We can also get table dimensions using standard Engee functions. It is important to note that the number of columns is not displayed when calling size.

In [ ]:
length(t)
Out[0]:
3
In [ ]:
size(t)
Out[0]:
(3,)

Columns can be accessed by calling the column name.

In [ ]:
t.name
Out[0]:
3-element Vector{String}:
 "Alice"
 "Bob"
 "Charlie"

The easiest way to retrieve more than one column is to create a new table from the columns (as in table2 = Table(column1 = table1.column1, column2 = table1.column2, ...)).

Columns can be accessed directly as NamedTuple arrays using the columns function.

In [ ]:
columns(t)
Out[0]:
(name = ["Alice", "Bob", "Charlie"], age = [25, 42, 37])

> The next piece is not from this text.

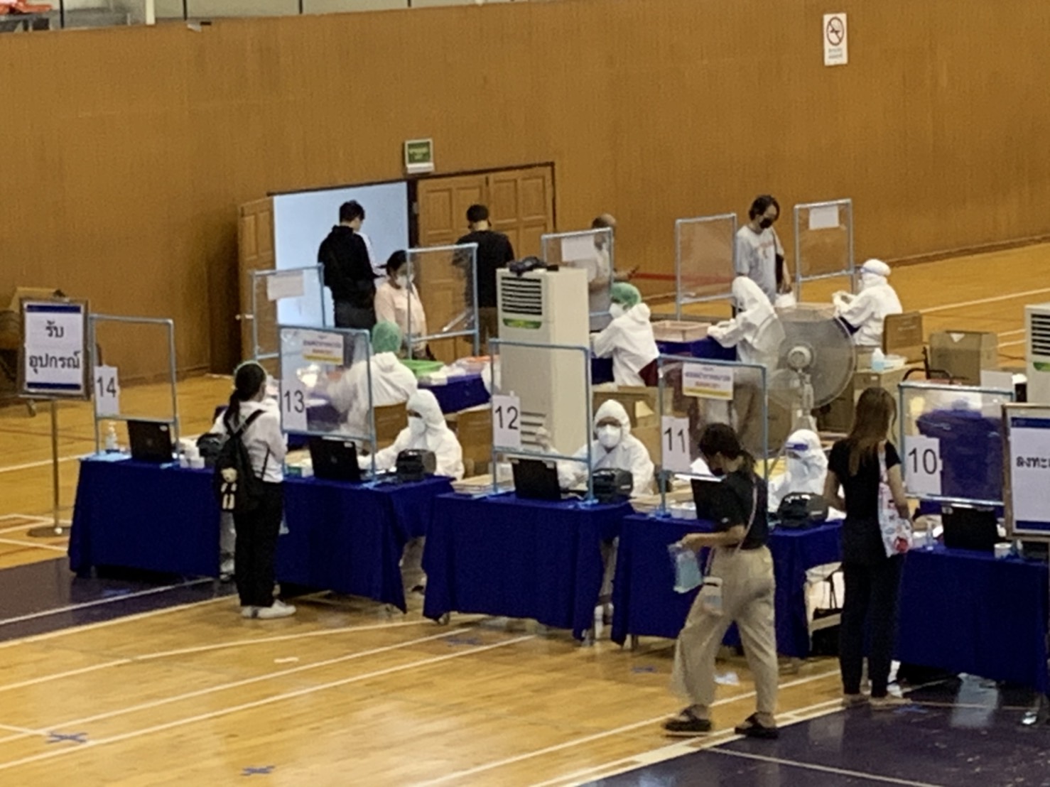 Labour Minister Mr. Suchart Chomklin reported the atmosphere of the proactive Covid-19 screening project for insured persons at the Thai-Japan Bangkok Youth Center in Din Daeng. He said it was a smooth first day, where everything followed the procedures and measures set by the Ministry of Health. The first insured person came to check-in at 07.39 hours.

In addition, we can access the function to get column names.

In [ ]:
columnnames(t)
Out[0]:
(:name, :age)

From all of the above, let's highlight two equivalent ways of obtaining a data cell.

In [ ]:
t[1].name
Out[0]:
"Alice"
In [ ]:
t.name[1]
Out[0]:
"Alice"

Comparison of TypedTables and DataFrame.

For those who have experience using the DataFrames.jl package, this comparison may be useful:

  1. The columns stored in a Table are immutable: you cannot add, delete or rename columns. However, it is very easy to create a new table with different columns, which encourages a functional programming style for working with external data structure. (See also FlexTable, a more flexible alternative). By comparison, this is a similar approach for IndexedTables and JuliaDB, whereas DataFrames uses an untyped column vector.

  2. The columns themselves can be modifiable. You can modify data in one or more columns, as well as add or remove rows. Thus, operations on the data (rather than the data structure) can take an imperative form if desired.

3.The column types are known to the compiler, which makes direct operations such as searching Table rows very fast. The programmer is free to write a combination of low-level for loops, use operations such as map, filter, reduce, or use a high-level query interface such as Query.jl - all with the high performance one would expect from a statically compiled group language. .innerjoin

  1. Conversely, the Julia compiler spends effort keeping track of the names and types of all the columns in a table. If you have a very large number of columns (many hundreds), Table is probably not a suitable data structure (a column vector with dynamic size and DataFrame typing is better here).

  2. Tables can be an array of any dimensionality.

  3. Unlike DataFrame, you cannot access a single cell in a single getindex call (you must first retrieve a column and index a cell from that column). Similarly, the number of columns is not involved in size or .lengthTable.

Conclusion

You can check which is more suitable for your task - the statically compiled Table or the dynamic DataFrames approach - as follows. See if the written code tends to refer to columns by name or if column names are more dynamic (and, for example, require iteration across columns).